January 28, 2008
Bob, Jim: actually, I wasn’t quite as surprised as I thought I might be. Depressed, but not all that surprised.
However, the position in the UK is rather different. For starters, our abortion rate is much lower than in the US (though still appallingly high: around 190,000 a year), and studies have indicated that abortion is more common in affluent areas than in areas of deprivation. There is little or no correlation between abortion rates and ethnicity, once deprivation is taken into account. (Source: pp. 10ff. of this 2004 report from the Joseph Rowntree Foundation (PDF).)
That certainly fits with my (unscientific and limited) perception of the situation. If you come to the UK, if you see a teenage mother pushing a pram then she will almost certainly come from a lower-income bracket (and in the places where I live and work, it’s equally likely she’ll be white). As a general rule, “nice middle-class girls” don’t have babies. There’s a reason for that.
This then leads to an interesting question: why (speaking in wild generalities) do poor women in the US abort their babies, while poor women in the UK give birth to them?
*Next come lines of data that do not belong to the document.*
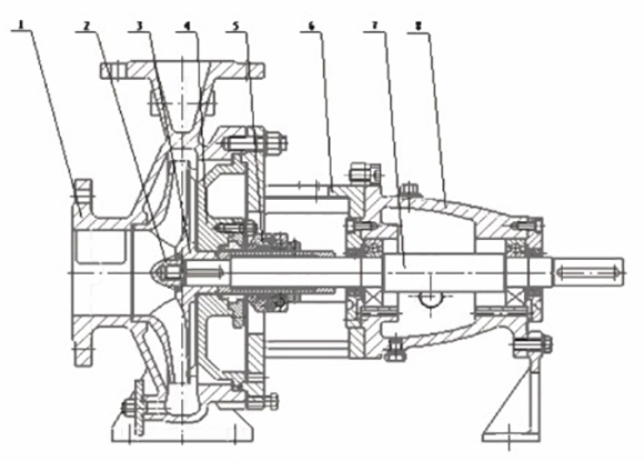 采用後拉(la)式結構,帶中間節(jiē)膜片聯軸器,維修(xiū)時不用拆卸泵體(ti),電機,管線;
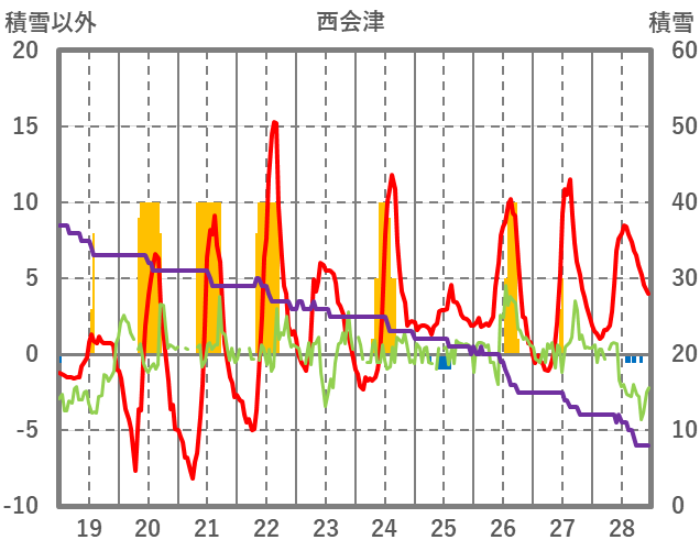 | 日 | 時 | 気温 | 降水 | 風向/風速 | 日照 | 積雪 | 降雪 |
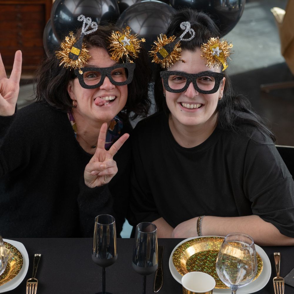 Réf. : ART-085777 Lunettes à ressorts pour adulte pour faire pétiller votre soirée du 31 décembre. Originales et festives, elles arborent une monture noir pailleté orné d'une flûte et d'une bouteille de champagne, agrémentées de pompons scintillants et d'étoiles. Idéales pour le Nouvel An ou toute fête chic, elles ajoutent humour, élégance et éclat à votre look de célébration.
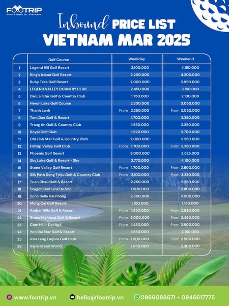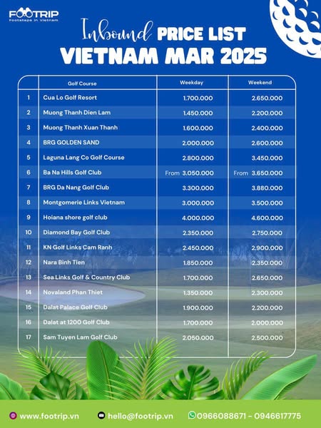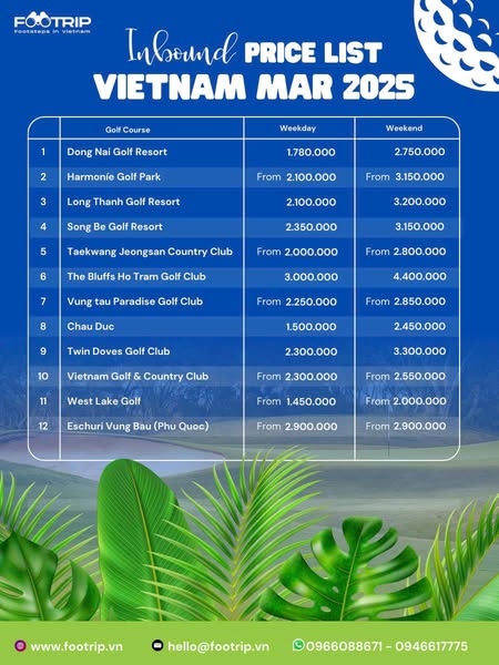 搜索关键词 Vietnam Golf, Golf Tours, Vietnam Travel, Golf Packages, Tee Time Vietnam, Footrip Golf, Vietnam Golf Courses, Golfing Holidays, Vietnam Vacation, Southeast Asia Golf优势 Diverse golf courses across Vietnam,Pleasant climate and beautiful landscapes,Convenient booking options,Special Price Offer
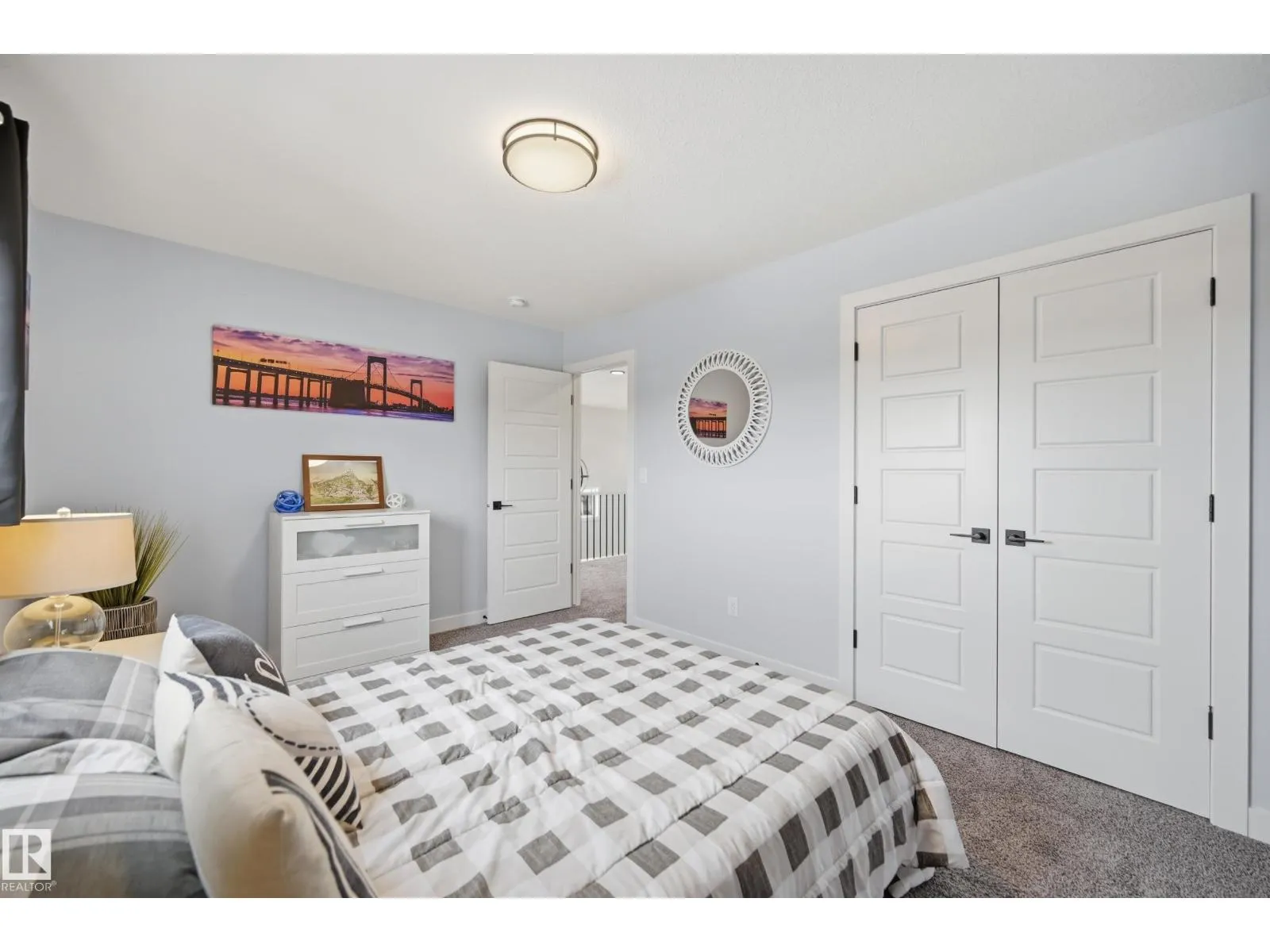 Located in the desirable Riverside area, this San Rufo built 2 storey home is sure to impress. Situated on a HUGE lot, this home hosts a gorgeous open concept main floor features, 9â ceilings, styled features throughout, and a good sized kitchen including a huge central island w/ farmhouse sink and custom coffee bar. A custom pantry, large dining space and living room with electric fireplace complete this space. The main level also features a 2 pce bathroom + a mudroom w/ custom built ins w/ access to the oversized double garage. Upstairs features 3 good sized bedrooms incl. the primary suite w/ 4 pce ensuite & walk-in closet, a bonus room, another 4 pce bathroom and laundry room. The basement is unspoiled except for a developed 4 pce bathroom & all the exterior electrical work complete. Additional features include: A/C, custom exterior lighting and designer details! Close to all amenities, central St. Albert & easy Ray Gibbon / Henday access. (id:27476)

Michael: I am as unimpressed by the Roman Catholic sheep-stealing apologetics movement as anyone else. But the argument of that RefCath post seems to be, “Catholic apologetics is a really bad thing, therefore Protestants should be doing it as well”.
The reason why evangelicals don’t generally engage in “Protestant apologetics” directed toward Roman Catholics is simple: those evangelicals who might be minded to do so tend to see RCs as non-Christians in need of evangelism, rather than as “separated brethren” who need to join the True Church®.
Plus, RC apologists are just responding to a market need. If large swathes of evangelicalism weren’t so spiritually dessicated, the message of the RC apologists wouldn’t have such traction for a certain type of frustrated evangelical.